Сгоряча Дима хотел было тут же и закрыть вышедший из-под контроля форум, но близость жениного приезда смягчила его раздражение: брат обещает премию от спонсора. На этот раз не мелочь на подарки девчонкам, но прямо-таки вклад в счастливое будущее: готовые бумаги на дачный домик в Болгарии. Как давно Дима об этом мечтал! Солнечный берег, виноград, персики. Выселиться на все лето из Москвы, ходить по песку в цветастых трусах и с голым животом. Поправляться, толстеть. Перестать вспоминать о Яне.
Женя приехал поздно вечером и сразу изложил суть дела: спонсор расчитывает на дальнейшую понятливость Димы. То есть домик в Болгарии пока еще не твой, хотя бумаги все тут, и осталось совсем немного, сущий пустяк: встретиться с этой анонимной дамочкой.
Ну, это Диме раз плюнуть. Она хоть собой ничего? В самом деле не старая? Да оно и старуху можно при желании уломать.
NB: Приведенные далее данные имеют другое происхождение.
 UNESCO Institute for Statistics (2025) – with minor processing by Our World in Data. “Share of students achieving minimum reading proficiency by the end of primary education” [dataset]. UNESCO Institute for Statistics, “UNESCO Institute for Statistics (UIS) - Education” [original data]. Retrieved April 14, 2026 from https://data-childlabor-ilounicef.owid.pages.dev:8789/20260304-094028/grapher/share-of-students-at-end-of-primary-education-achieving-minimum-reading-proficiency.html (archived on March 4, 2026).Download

Сколько раз, заученно строя пожилым дамам глазки, Дима убеждался в полной беспомощности старух относительно их же, неисправимых в этой жизни грехов: только зыркнешь на нее, и она уже размыкла, уже готова. Некоторые сдаются по-матерински, прощая, другие, напротив, льнут к тебе как коммунистические пиявки, настырно и зло, а ты уже строишь глазки следующим…
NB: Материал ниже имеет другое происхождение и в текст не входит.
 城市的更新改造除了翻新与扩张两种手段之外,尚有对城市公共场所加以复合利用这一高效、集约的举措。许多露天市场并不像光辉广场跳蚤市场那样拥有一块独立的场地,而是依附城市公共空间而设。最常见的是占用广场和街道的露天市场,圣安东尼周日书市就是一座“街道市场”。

Решили рассчитаться с анонимщицей немедля, пока она тут, в Москве. Приехала, видите ли, «по делам». И с ней уже заигрывает Сандлер, уже назначает ей встречу… это ведь нетрудно проверить, Женя давно уже читает его почту: «в три часа на Павелецкой». Интересно, что нового Сандлер намеревается ей сообщить? Как бы ему, слепому, не загреметь с эскалатора… а то еще споткнется, и под поезд…
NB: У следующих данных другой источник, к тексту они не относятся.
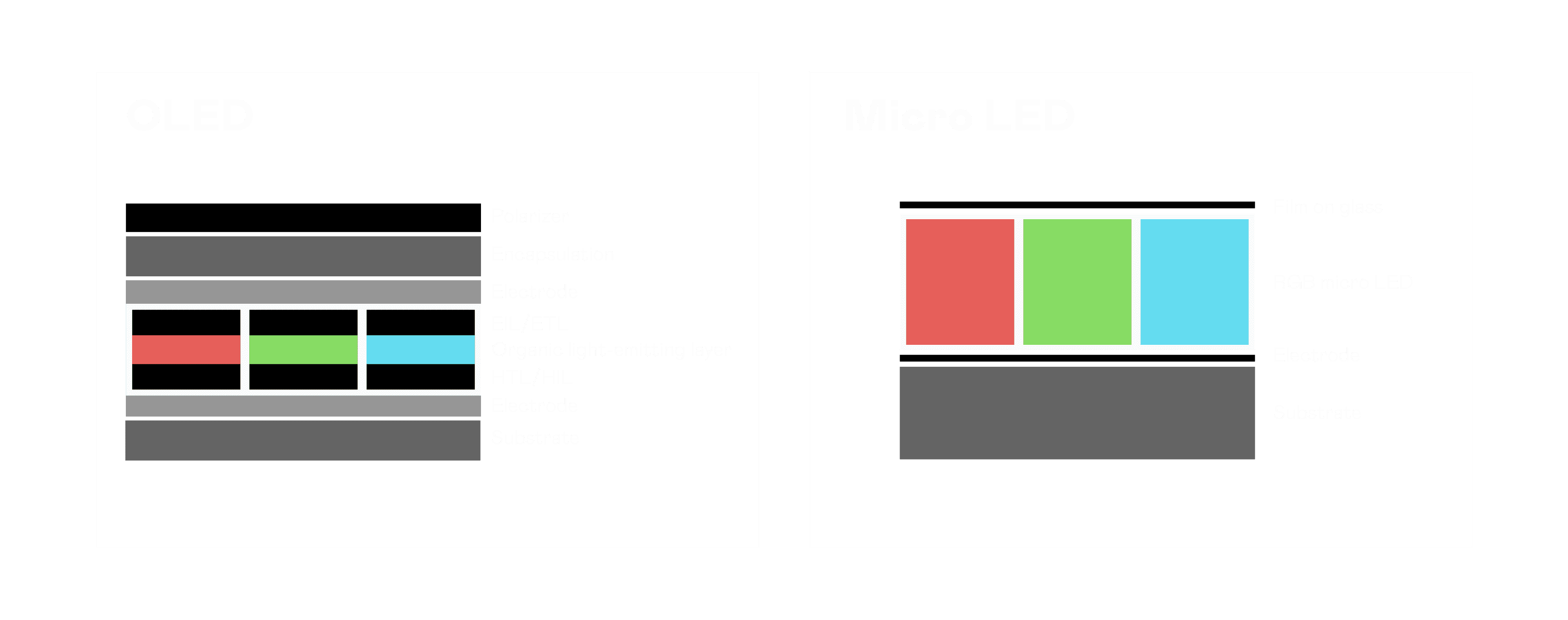 以 LED 做为显示画素,,,,可让 LED 的发光效率发挥到极致,,从而让显示器具备优异的亮度表现,,,,不论是在户外或室内,,均具备出众的显示效果。。。。同时,,,与使用有机材料的 OLED 相比,,,,LED 具备更稳定、、、、寿命更长的特性,,,,不仅不会有画面烙印问题,,而且更不容易出现故障、、坏点。。。。

– Короче, Сандлера надо от нее спасать, – прожигая Диму насквозь гипнотизирующим взглядом, распоряжается Женя, – вместо него пойдешь ты, и так вроде бы мимоходом кольнешь ее… нечаянно заденешь…
– Ты что, серьезно что ли? – пока еще нисколько не испугавшись, перебивает его Дима, – Ты предлагаешь мне…
– … убрать эту даму.
– Да как ты…
– Нет, дорогой брат, это ты! Это ведь ты нанял Сержа, чтобы тот убрал Яну! Это легко доказать. Но мы же братья, это между нами…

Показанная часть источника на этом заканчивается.